Sunday, March 30, 2014

The Hidden Metamorphoses

The Hidden Metamorphoses is devoted to penetrating the occult secrets of organic life. The work appears to be the product of a brilliant and disturbed mind. Although it's author's identity is unknown, he is traditionally referred to as Mosekes. On the one hand, the book contains such a wealth of penetrating insight and potent sorcery that it seems as though its heretical doctrines must be true. And yet, almost no one who has read the book believes them.

The book consists of three parts. The first part, entitled "The Secret Changes", defends the heresy of transworld ontogenesis. The second, entitled "Autnomous Organs", defends the heresy of bio-archonism. The third, entitled "Organism as Transworld Dominion", attempts a synthesis of these possibly contradictory heresies into a unified theory of the organism. Most editions of the book are curiously bound so that one must open the cover in a different way to read each part of the book.



Early editions of the work contained only one or the other of the first two parts. Furthermore, in sources contemporary with the work the third part is completely unattested. This has led scholars to speculate that the work was originally two separate books by different authors, and that Mosekes was a late synthesizer who joined the two works, appending his own disturbed commentary in the third part. However, recently an apparently ancient copy has been unearthed containing all three parts.
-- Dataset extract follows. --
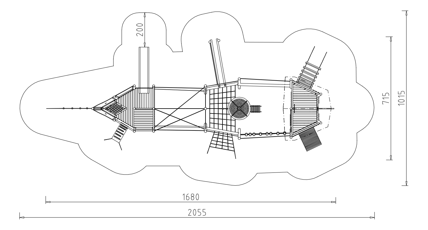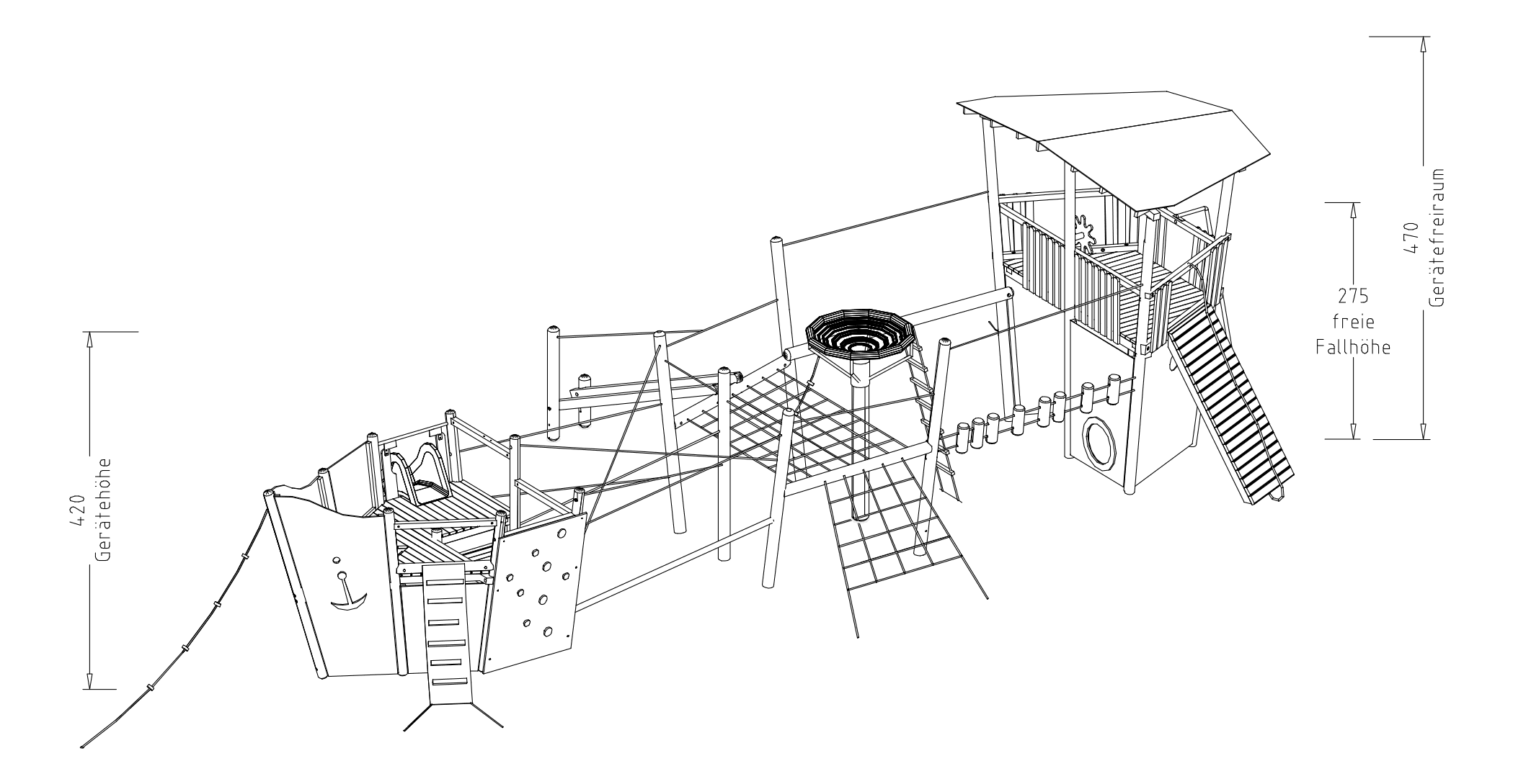 Beschreibung: 16 Steher (Pfosten) aus Rundhölzern ∅ 12 cm, 5 Steher aus Rundhölzer ∅ 14 cm, alle kerngetrennt (kernfrei), 1 Rundholz ∅ 20 cm, Kernholz, 3 Podest mit Unterkonstruktion aus Kanthölzern (KH) 9/9 cm und 9/11 cm, geblattet, 1 rautenförmiges Herkules- Netz, ca. 75/75 cm im Bug-Podest eingesetzt, 1 Herkules-Fl chennetz ca. 270/150 cm, 1 Herkules-Aufstiegsnetz, alle Herkules-Netze aus ∅ 16 mm Herkulestau, 11 Stk. Balancier- bzw. Haltetaue aus Herkulestau ∅ 22 mm, 1 Balanciertau   70 mm, 1 Krähennest mit Stahlhülse und Kragarmen und Nestkorb mit Seilumwicklung am Stahlring, 2 Klettertaue, 1 Strickleiter, 1 Balancierelement „Pfahlkette“ aus 2 Herkulestauen ∅ 22 mm mit 8 Stk. aufgefädelten Rundhölzern ∅ 14 cm, 1 Balancierbalken aus Rundholz ∅ 14 cm, 1 Dach aus HPL-Platte 8 mm, Pfetten aus KH 9/9 cm, Sparren aus KH 3/9 cm, 1 Feuerwehr- Kletterstange, Edelstahl, 1 schiefe Ebene mit Anhalteseil, 1 Balken-Kettenaufstieg, 1 Bergsteiger-Kletterwand, 1 Gummiband-Aufstieg, 1 Sprossenwand, Verkleidungen aus 3-Schichtplatte 20 mm sowie KH 3/9 cm, diverse kreisrunde Ausschnitte in den Brüstungen, 2 Schlupfl cher mit Verstärkungsring aus Siebdruckplatte 20 mm, 2 stilisierte Anker aus Siebdruckplatte 20 mm, 1 Absturzsicherung für Rutsche, 1 Spielwand mit Sitzbank, 1 Sitzbank an Verkleidungsplatte.

The authorship and composition of the work is still a matter of dispute.

Part I: The Secret Changes

The first part deals especially with unlocking the slumbering potential for occult metamorphoses that the book calls "the secret changes": the hidden forms, and unknown stages in the life cycle of organisms that can be produced only through arcane intervention, or by the most unusual concatenation of circumstances. Its subject can be best illustrated with an example.


The chapter on heterocera teaches that the known natural history of the attractive but otherwise apparently unremarkable velvet moth is radically incomplete. For, if one immerses a specimen during its pupal stage in an oneiric bath derived from the cerebellum of certain creatures from the dreamlands, development continues beyond the moth stage at which it is normally stymied. Once the velvet moth has passed through a sequence of unpleasant and dangerous "stag" forms, it comes to true maturity as a Resplendent Queen.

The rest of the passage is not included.